Li’s speech about shooting a Cardassian in his underwear is effective, and Beymer delivers it well. It’s curiously unsurprising to find that yet another one of Kira’s heroes has feet of clay, and while I can understand the idea—the rebellion needed symbols as much, if not more, than it needed actual brilliant leadership—it’s a little too thematically neat all the same. It makes the Bajorans look a bit like the idiots in Life Of Brian, so desperate for a messiah they’ll latch onto anyone, and while I appreciate the cynicism of that, it would’ve been nice if Nalas had been a little more competent. Then again, he doesn’t make any major mistakes between this episode and next, so it could be he’s trying to dodge responsibility by exaggerating his pointlessness; maybe all a leader needs to be really great is some patience, and the ability to say “Yes” to the right people.

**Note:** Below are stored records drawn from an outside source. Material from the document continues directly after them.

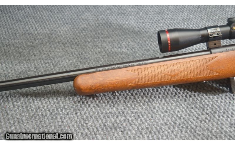 Description: A 2001 production Marlin 25 MN, this versatile rifle was designed as the ultimate varmint and small game hunting rifle, with a beech hardwood stock, 22" barrel, and an overall length of 41", weighing in at a comfortable 6 lbs. The rifle features a smooth, short-action bolt, high-cheek rest stock, and a 7+1 capacity detatchable magazine. The rifle has been outfitted with a Simmons 3-9x32mm rimfire scope, and has virtually no blemish to the metal. The wood stock has a few minor marks, but otherwise is in excellent shape. Rifle does not include any extras. Chamered in .22 WMR. .22 WMR SOLD Metal Condition: Excellent Wood Condition: "Original finish, a few minor scratches Bore Condition: Excellent Barrels: Rifled Triggers: Single Fore End: Wood Butt Pad: Polymer Weight: 6lbs Sights: Simmons 3-9x32mm Scope Item Location: Gainesville, VA |
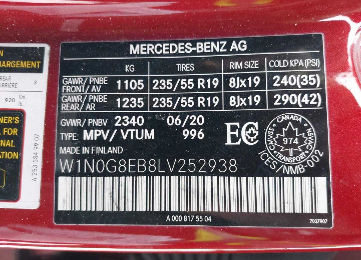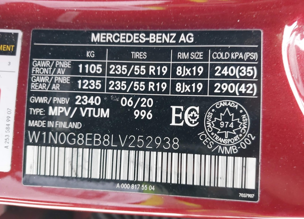 • VIN: W1N0G8EB8LV252938
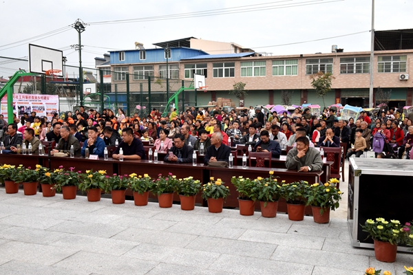 在坎河社区文化广场,村民们为群众奉献了一场自编自演的精彩节目。舞蹈、歌唱、话剧等,应有尽有,节目丰富很是热闹。欢快热闹的表演让整个文化广场充满欢声笑语,台下群众看的入神,为台上演员送上阵阵掌声。
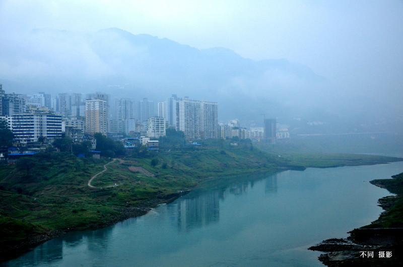 清晨,淡淡的轻雾飘荡,雾纱波盖着整个武隆城,远处的大山仅露出了一个轮廓。碧绿的乌江水静静地流淌着,没有了想象中的凶猛。行人匆匁,平凡的一天又开始了。
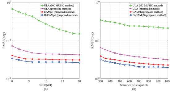 where J is the number of Monte Carlo simulations, denotes the real DOA of the qth signal source and denotes the estimate of for the jth trial, . In all the simulations, we consider the signal source number and utilize 500 independent Monte Carlo simulations. Figure 9a depicts the RMSE performance as a function of the input SNR. In this simulation, we suppose . It is clear that all the arrays with the VNCM used outperform the ULA with the NC MUSIC used due to the diff–sum coarray containing more consecutive elements than the traditional NC virtual array. Among the three arrays with the VNCM used, the DsCAMpS achieves the best performance. In Figure 9b, we suppose SNR = 10 dB to compare the RMSE performance as a function of the snapshots. Here, we consider . From the results, all the arrays with the VNCM used still perform much better than the ULA with the NC MUSIC used. Compared with the RMSE of the ULA and the CAMpS with the VNCM used, the RMSE of the DsCAMpS with the VNCM used is smaller. The results of the two simulations suggest that the diff–sum coarray achieves a higher number of DOF than the traditional NC virtual array and the DsCAMpS is a novel array of which the diff–sum coarray has higher DOF than that of the ULA and the CAMpS.
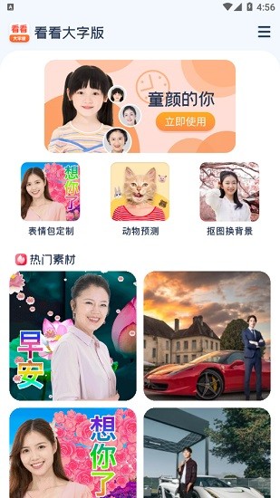 看看大字版是一款適用于老年人的手機應用。主要提供在線拍照、表情包制作以及照片編輯等服務功能??梢栽谑謾C上輕松處理照片,體驗智能化的人工ai摳圖功能。讓中老年人朋友也可以輕輕松松體驗潮流玩法。馬上來下載安裝吧!
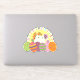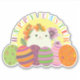 Cute, cartoon white cat and colourful eggs Happy Easter sticker!
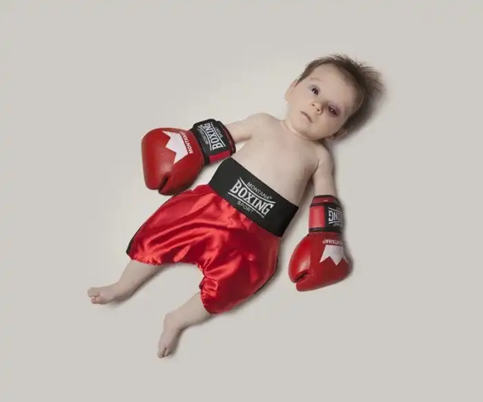 Фотография - участник проекта, в котором родители представляли образы своих детей и их профессии во взрослой жизни. Некоторые примеры изображают детей-юристов, врачей, военных и серферов, на этом же снимке - ребенок в образе боксера. Нарисованный под глазом малыша фингал (надеемся, он не настоящий) вкупе со слоганом проекта "Однажды он станет одним из них" не вызывает положительных эмоций.
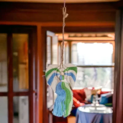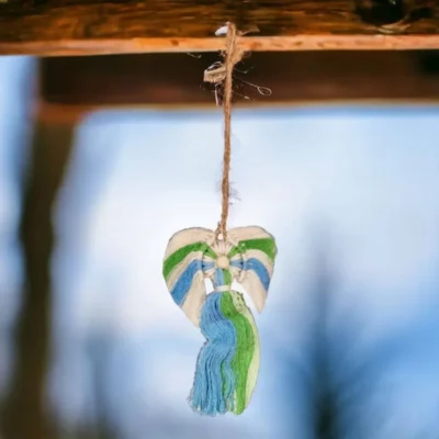 Aniołek Makrama – Ziemia. Wymiary 22 x 14 x 1 cm. Aniołek makrama to niezwykła ozdoba o unikalnym stylu. Tworzony jest w malowniczych, górskich regionach Indonezji z naturalnej, ekologicznej bawełny, która jest ręcznie pozyskiwana i tkana w rodzinnych warsztatach rzemieślniczych. Każdy egzemplarz stanowi niepowtarzalne rękodzieło, wykonywane z ogromną starannością i dbałością o najmniejsze detale. Do jego stworzenia stosuje się tradycyjne techniki makramy, takie jak węzeł kwadratowy czy charakterystyczny węzeł głowy skowronka. To właśnie on nadaje aniołkowi wyjątkową formę skrzydeł, sukni i całej postaci.

“The Homecoming” is solid, if unspectacular. The performances are good, and the episode never feels overly padded, in the way that multi-part Trek episodes so often do. If I had a complaint, it’s that DS9 has proven itself capable of greater complexity last season, and this episode, while rife with difficult situations, never really puts us in the position of having to make difficult choices. The Circle is obviously bad news, and while they aren’t an easy threat to shrug off, there’s no question that Sisko and the others won’t find some way of dealing with them, a way that won’t cost them much in the way of sleepless nights. There’s good drama in this episode, and the sudden appearance of Frank Langella in the last ten minutes, playing the presumably (future self: definitely) malevolent Minister Jaro, is a welcome and completely unexpected surprise. But there’s something missing, some final push of energy to go from “decent” to “Holy #$^.” I think it’s connected with that “To Be Continued.” At the end of the hour, Kira has been replaced by Nalas, and while Li doesn’t appear to be up to anything, Jaro, clearly, has designs. But in case anyone was going to get uncomfortable or nervous or tense, the show reassures us, all of this will be resolved shortly. The eels do not eat the princess at this time.